Thursday, December 22, 2022

One Minute Book Reviews: Yule Edition


Happy Yule, everyone! I read all nine of these books today. I can very easily read seven or eight or even nine books in one day. I wrote all the reviews before I read the books, too. I already knew what the books were about and whether I liked them or not before I read them. I had pithy, funny things to say about each book already prepared by the time I started reading. I can read a book just by touching it. I can move books around on the shelf with my mind. I moved the books around on my shelf with my mind then snapped the above photo using the magic cameras in my eyes. Then I uploaded the photo, along with the reviews, to my blog, which is what you're reading right now (and for that I humbly thank you).
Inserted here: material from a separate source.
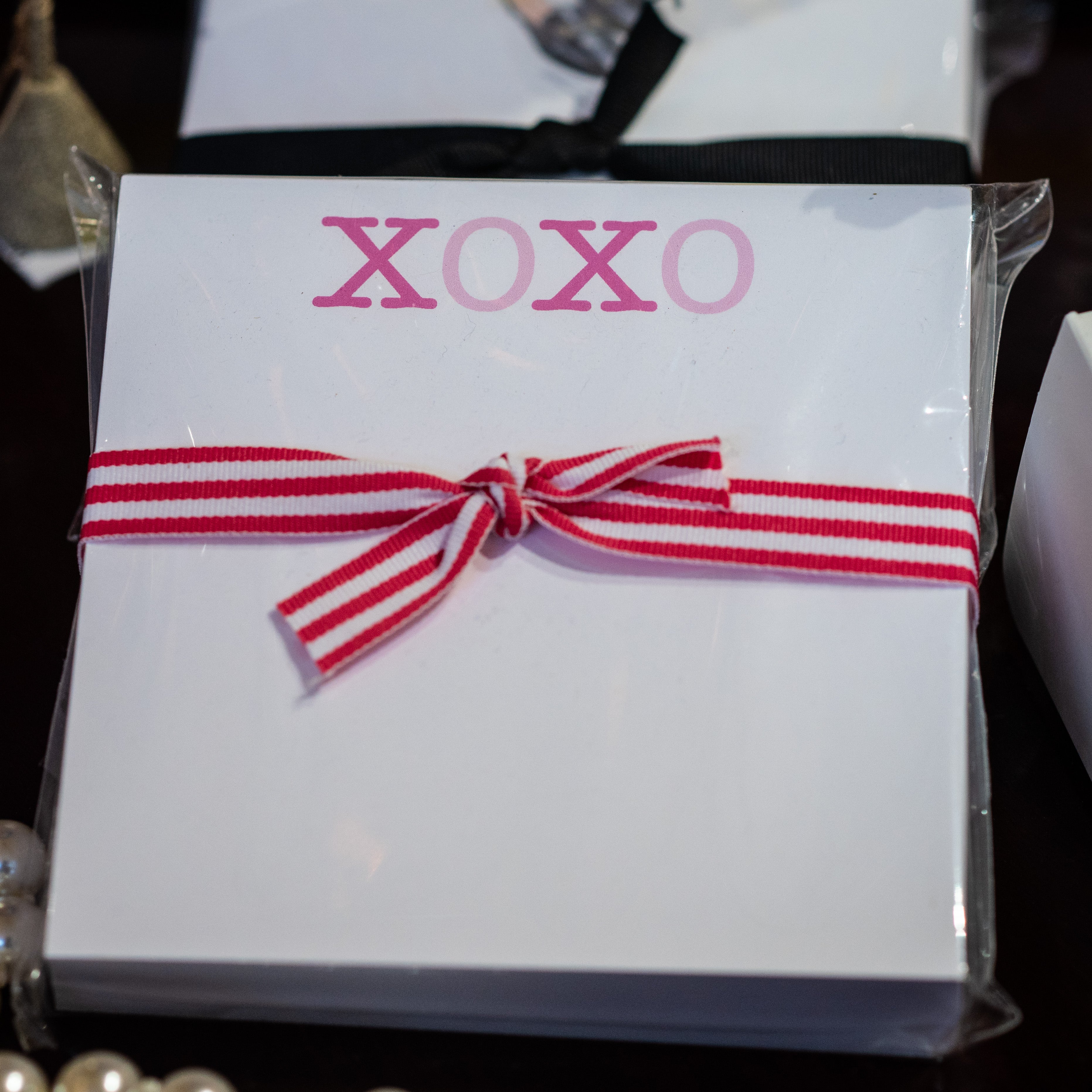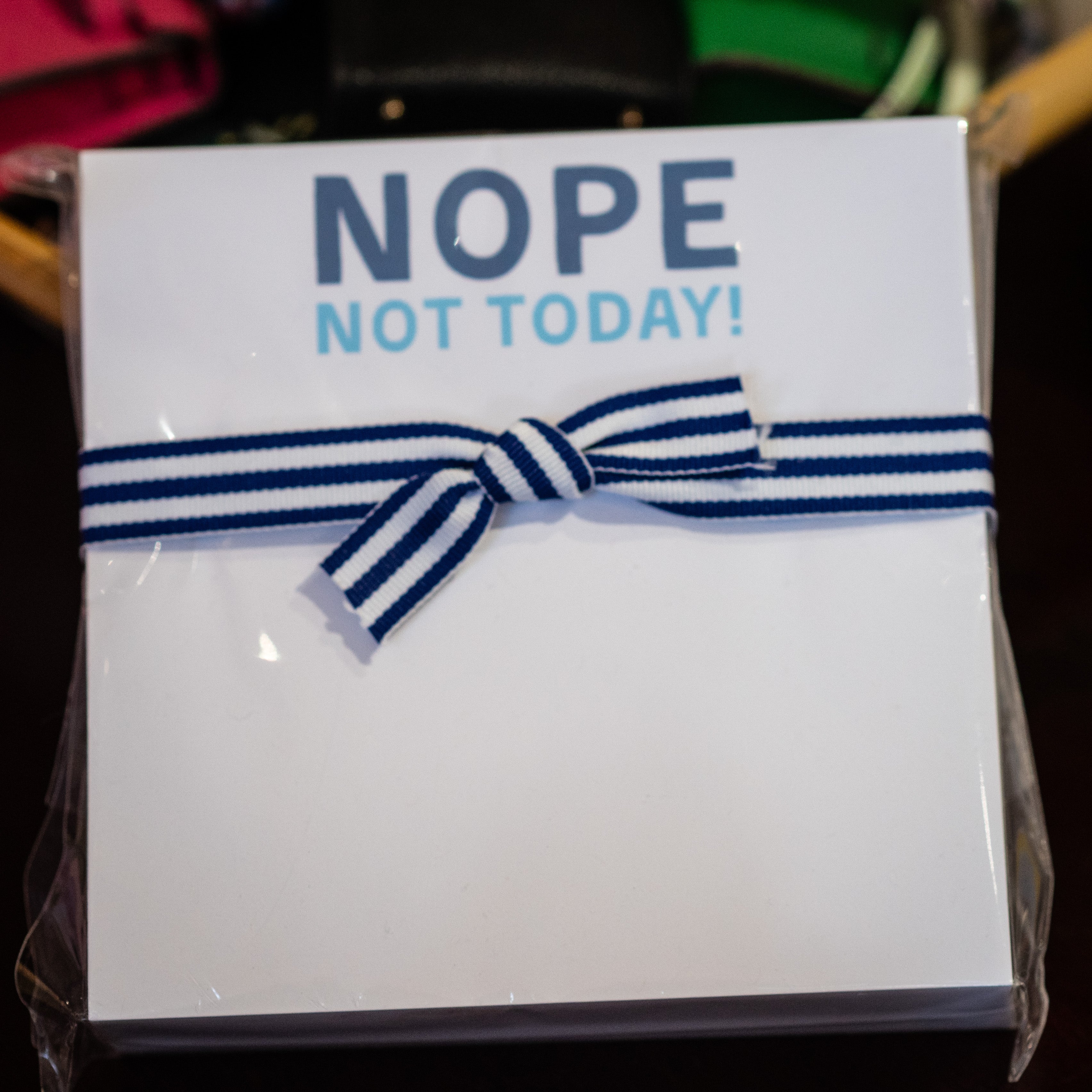 Large square notepads with matching striped ribbon with the sayings "XOXO", "Nope, Not Today", and "Horsebit Lovers".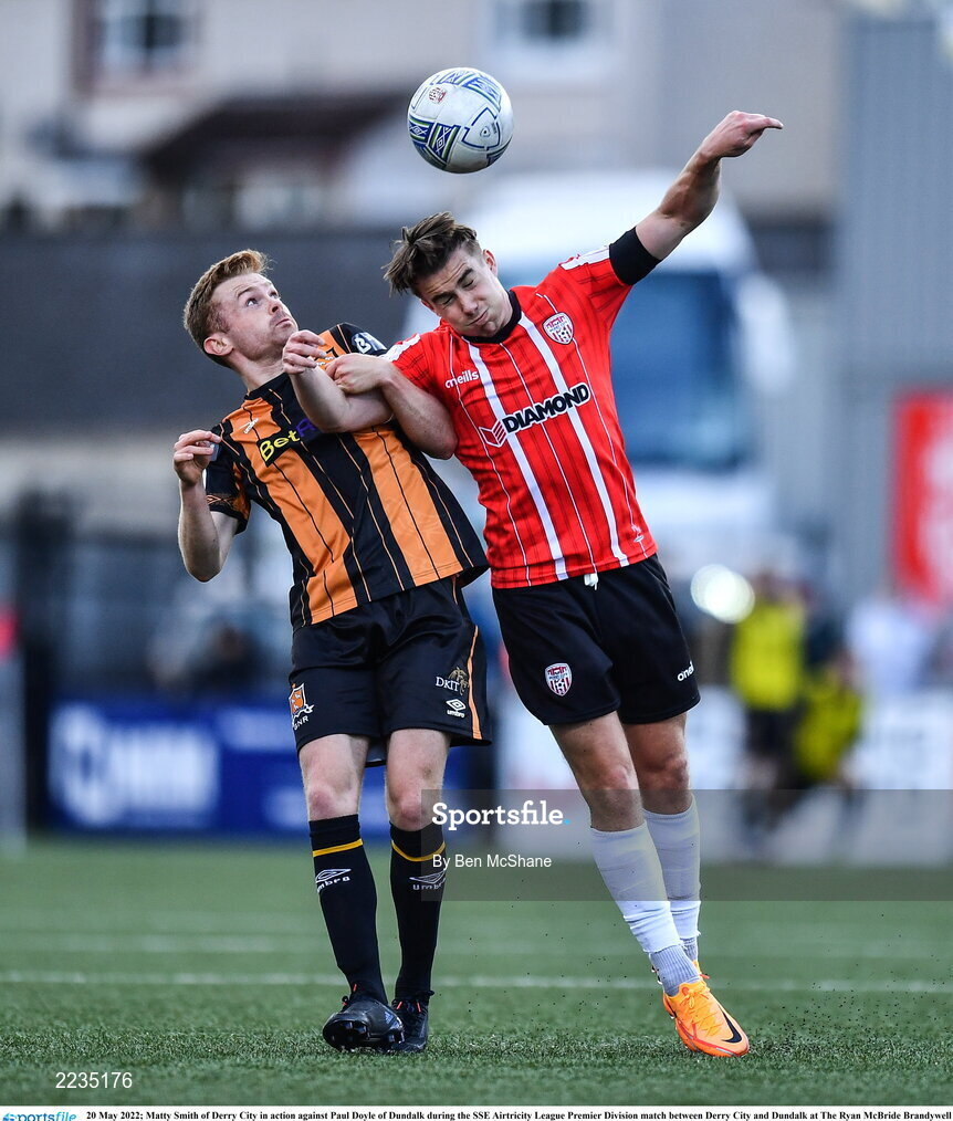 20 May 2022; Matty Smith of Derry City in action against Paul Doyle of Dundalk during the SSE Airtricity League Premier Division match between Derry City and Dundalk at The Ryan McBride Brandywell Stadium in Derry. Photo by Ben McShane/Sportsfile

SELECTED UNPUBLISHED BLOG POSTS OF A MEXICAN PANDA EXPRESS EMPLOYEE (Megan Boyle, 2011) Want to hear something crazy? So I gave my copy of this book to my friend Hootie for Christmas. Right before I wrapped it, I opened the book and pointed at a random passage, which was about feeding Cheez-Its to a cat. Then I brought the book to the coffee shop where Hootie works and guess what? Hootie was wearing a Cheez-Its sweatshirt! Then I showed her the part of the book about the Cheez-Its and she said she feeds her cat Cheez-Its too!!!!!!! Crazy synchronicity, right? This is less a book and more a way of life. Immediately once you start reading, you notice a change in how you’re thinking, writing, tweeting, eating, interacting with people, imagining stuff, looking at your cats. Anyone could have thoughts like these, but no one else could have these exact thoughts, which makes the book feel both universal and thrillingly, perfectly singular. It feels like there’s a little Megan Boyle shaped narrator in my brain now. Hurray!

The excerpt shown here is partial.